Chez: Jesus, what network do you work for that your graphics are so intrusive and annoying that people are writing articles telling you to knock it off? Wait, you design holograms and magic walls for CNN, don't you? I get that an overabundance of graphics in TV news has become something of a punchline and in some ways it should be, only because news departments these days are trying to put too much information onscreen at one time and it becomes a nightmare that your eyes and your brain can't keep up with. Crappy news organizations also try to use a lot of flash to compensate for the fact that their storytelling and coverage sucks. My personal philosophy when it comes to graphics in news is that you use them to sell stories and product that need to be sold or enhanced and you leave them our of stories and product that sell themselves. That's not to say that imaginative graphics can't enhance a broadcast, but you have to understand as a designer that what you think is incredibly cool from an artistic standpoint may be distracting and unnecessary in the context of a news broadcast. Put it this way: It's like creating dinosaurs in "Jurassic Park." Just because you can do it doesn't mean you should. Sometimes less is more -- but that's not the way most news managers think these days. Plus all the computer animation in the world won't make Wolf Blitzer or John King exciting.

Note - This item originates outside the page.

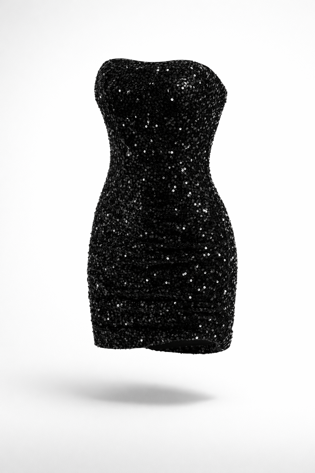 Smyslné černé minišaty bez ramínek, celé pokryté jemnými flitry, které krásně chytají světlo. Přiléhavý střih zvýrazňuje křivky a působí elegantně, sebevědomě a sexy zároveň. Minimalistický design bez ramínek nechává vyniknout postavu a dodává šatům čistý, provokativní look.

I am a woman and a progressive. I had a sex dream about Mitt Romney, and it wasn't a nightmare. What is wrong with me? What if it happens again?
Chez: Well, as I'd imagine most sexual encounters with Mitt Romney go, you slept through it.
Bob: Was he good or was he as spastic, herky-jerky and awkward as he is when he's speaking extemporaneously in real life? Did he use tin foil and duct tape as a condom? Did he have a micro-penis as I've privately suspected? I have a million questions about this because I have no idea why women find him at all attractive. He's kind of like a CG movie version of Herman Munster, but with chest-high Dad jeans. If I were gay or a woman, there would just be no way ever, ever, ever. But I still hear that he's hot. It's just weird. Okay, I've thought about this too much. Bye.
Ben: If it happens again, I'd seek therapy pretty quickly. I'll do a quick armchair analysis for free though: You have unresolved issues with your father who read you financial reports instead of bedtime stories. You now find solace in obscure financial data and incredibly boring men - hence the sex dreams about Romney. Damn, I'm good.